Книжка-подушка - Александр Павлович Тимофеевский
Ссылок давать не буду. Тошно. Желающие погуглят и найдут.
То, что Н. 20, а хоть бы и 40 лет, то, что она могла жить и жить, то, что ее жалко, как и всех убитых, под каким бы флагом они ни выступали, это нормальное человеческое чувство отбрасывается как постыдное сюсюмусю, хотя постыдно прямо противоположное – злорадство, с которым встречается смерть, пляска с бубнами над телом врага. Ее вообще-то танцуют дикие. Война превращает человека в зверя, дело известное, но когда такое случается на фронте или в городах, которые бомбят, это можно и даже нужно понять. Увы. Но здесь бодро и зажигательно, роняя шутки-прибаутки, людоедствуют те, кто с чаем и кофием, в тепле и уюте сидят перед своими мониторами за тысячу километров от мест, где стреляют. Болельщики с обеих сторон. Они, конечно, самые жуткие. От них все зло и происходит.
1 февраляПро многодетную мать-госизменщицу. Совершенно не в том дело, сколько у нее детей. Да хоть бы она была полностью бездетной. Никакой госизмены частное лицо совершить не в состоянии. Оно, может быть, и хочет, и рвется, и душой летит навстречу, но не имеет для этого технической возможности. Госизмена – только про лиц, владеющих доступом к гостайне и подписавших соответствующие бумаги. Все остальные вправе распространять любым образом любую информацию – кроме детской порнографии, клеветы и т. п. К и т. п. относится и гостайна. Получил к ней доступ, подписал бумагу, но продал Родину за фильдеперсовые чулки, тогда отвечай. Не было доступа, не ставил подписи, можешь пользоваться свободой слова в полной мере, иначе, про что нам рассказывает Конституция? «Каждый имеет право свободно искать, получать, передавать, производить и распространять информацию любым законным способом. Перечень сведений, составляющих государственную тайну, определяется федеральным законом». Статья 29, параграф 4. В УК, наверное, записано по-другому, думцы постарались, но Конституция – закон прямого действия. И по нему: procul este, profani – прочь, непосвященные, здесь свято место преступления.

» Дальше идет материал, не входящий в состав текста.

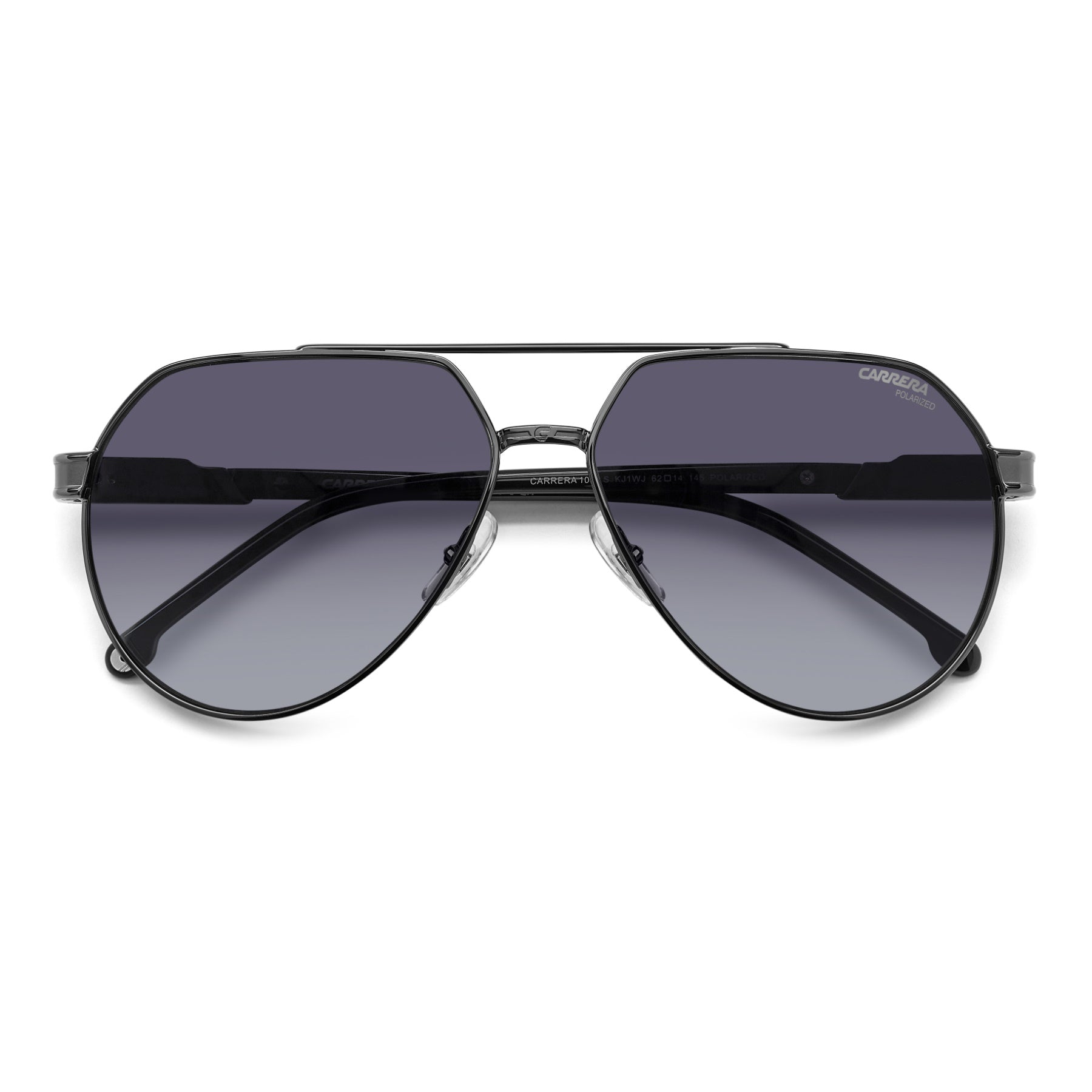 Pilot frames in metal and Carrera detailing: this is the recipe that creates the visual power of these unisex sunglasses. In true Carrera style, the front boasts a daring double bridge, accented by a laser-etched wordmark on the top. The list of high-tech qualities include flexible hinges and the option to fit the frames with prescription lenses. The off-the-shelf versions include different lenses: polar, or ultra polar with a gold-tone coating.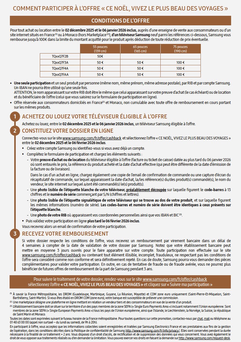 Hasta el 6 de enero de 2026, por la compra de cualquier televisor que se indica a continuación, la marca le reembolsará: • 50 € por un televisor Samsung TQ55Q7F2B, Samsung TQ55Q7F3A, Samsung TQ55Q7F4A, Samsung TQ55Q7FAA, Samsung TQ65Q7F3A, Samsung TQ65Q7F4A o Samsung TQ65Q7FAA • 100 € por un televisor Samsung TQ75Q7F3A, Samsung TQ75Q7F4A o Samsung TQ75Q7FAA

2 февраляВеликая фотография. Волнующий рассказ про художника и его модель. У Фрейда первобытная баба, архаическая богиня, сама природа, Мать-Сыра Земля. Девушка на картине вполне единственная, девушка в жизни – каких миллион. К этой заурядности модель, наверное, долго и терпеливо шла, по капле выдавливая из себя совершенство, со слезами рассталась с пирожком, сидела на Монтиньяке или не ела после шести, потеряла свои тридцать кг, к тому же грамотно оделась в просторное черное – так что стала совсем-совсем никакой: не хочу быть римскою папой, хочу к разбитому корыту. Ну, не к разбитому, наоборот, к залатанному, свежепокрашенному, достойно упакованному в целлофан.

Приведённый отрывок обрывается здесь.